* _Data section_
§ §

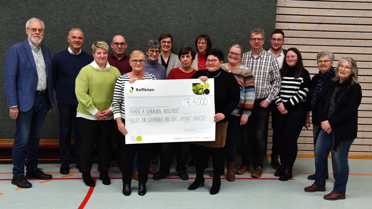 Och mam Verkaf vu selwer gebastelte Chrëschtdekoratiounen ass bei de Leit op grousst Interesse gestouss. Am Kader vun der Scheckiwwerreechung di viru kuerzem an der Buvette vum Tennis zu Heischent stattfonnt huet, ass an treffende Wieder, op den oprichtige Merci un all benevole Memberen, de Komitteesleit mat alle Bedeeligten fir hiren tatkräftigen Aasatz bei desem Adventsevent higewisse gin. De Scheck vun 4 000 Euro, den den Erléis vum Dag duerstellt, geet un d’Unicef „Hëllef fir d’Kanner an der Ukrain“. Souwuel wi den Abbé Marco Wehles wi och de Buergermeeschter Marco Schank an hire jeweiligen Rieden erviergestrach hun, konnten die eifrig Fraen a Mammen no zwee Joer Pandemie mat hirem Fest eppes positives Bewierken, fir d’Leit no deser laanger Zäit nees beieneen ze kréien. Duefir gehéirt hinnen Alleguerten, Respekt an Unerkennung fir hirt Engagement déi sech och duefir asetzen fir noutdierftig Kanner ze ënnerstëtzen. Eng Traditioun, déi an Zukunft och weidergefuert soll gin, an och vum néidigen Erfolleg soll belount gin.
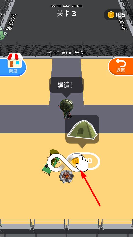 4、點(diǎn)擊金幣圖標(biāo),可進(jìn)行建造操作,消耗金幣建造帳篷等建筑,推進(jìn)游戲內(nèi)基地建設(shè)進(jìn)程。
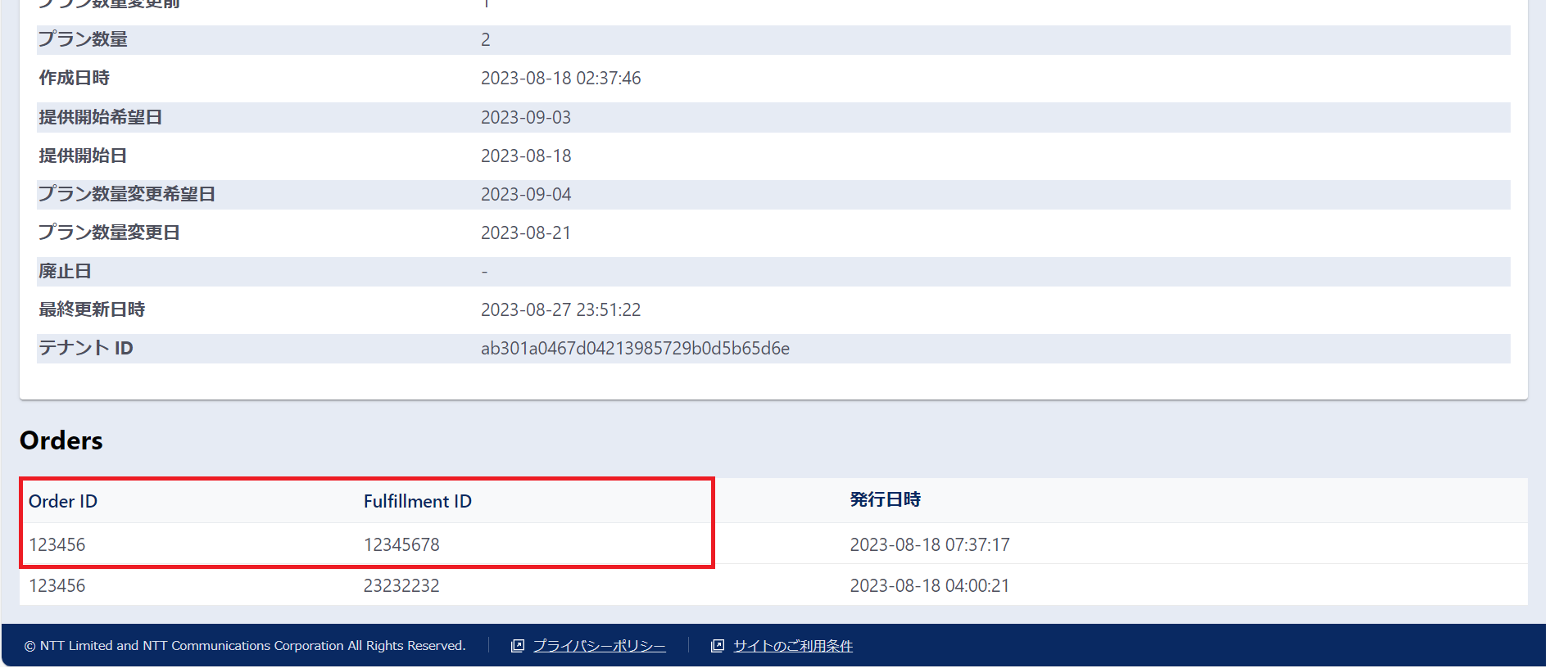 ライセンスの詳細が表示されます。画面下部に存在する「Orders」からOrder IDとFulfillment IDが確認可能です。

§ §

* _Work item_
Write out the listing above in full, word for word, with no pictures.

* _Result of this exercise_
 Och mam Verkaf vu selwer gebastelte Chrëschtdekoratiounen ass bei de Leit op grousst Interesse gestouss. Am Kader vun der Scheckiwwerreechung di viru kuerzem an der Buvette vum Tennis zu Heischent stattfonnt huet, ass an treffende Wieder, op den oprichtige Merci un all benevole Memberen, de Komitteesleit mat alle Bedeeligten fir hiren tatkräftigen Aasatz bei desem Adventsevent higewisse gin. De Scheck vun 4 000 Euro, den den Erléis vum Dag duerstellt, geet un d’Unicef „Hëllef fir d’Kanner an der Ukrain“. Souwuel wi den Abbé Marco Wehles wi och de Buergermeeschter Marco Schank an hire jeweiligen Rieden erviergestrach hun, konnten die eifrig Fraen a Mammen no zwee Joer Pandemie mat hirem Fest eppes positives Bewierken, fir d’Leit no deser laanger Zäit nees beieneen ze kréien. Duefir gehéirt hinnen Alleguerten, Respekt an Unerkennung fir hirt Engagement déi sech och duefir asetzen fir noutdierftig Kanner ze ënnerstëtzen. Eng Traditioun, déi an Zukunft och weidergefuert soll gin, an och vum néidigen Erfolleg soll belount gin.
 4、點(diǎn)擊金幣圖標(biāo),可進(jìn)行建造操作,消耗金幣建造帳篷等建筑,推進(jìn)游戲內(nèi)基地建設(shè)進(jìn)程。
 ライセンスの詳細が表示されます。画面下部に存在する「Orders」からOrder IDとFulfillment IDが確認可能です。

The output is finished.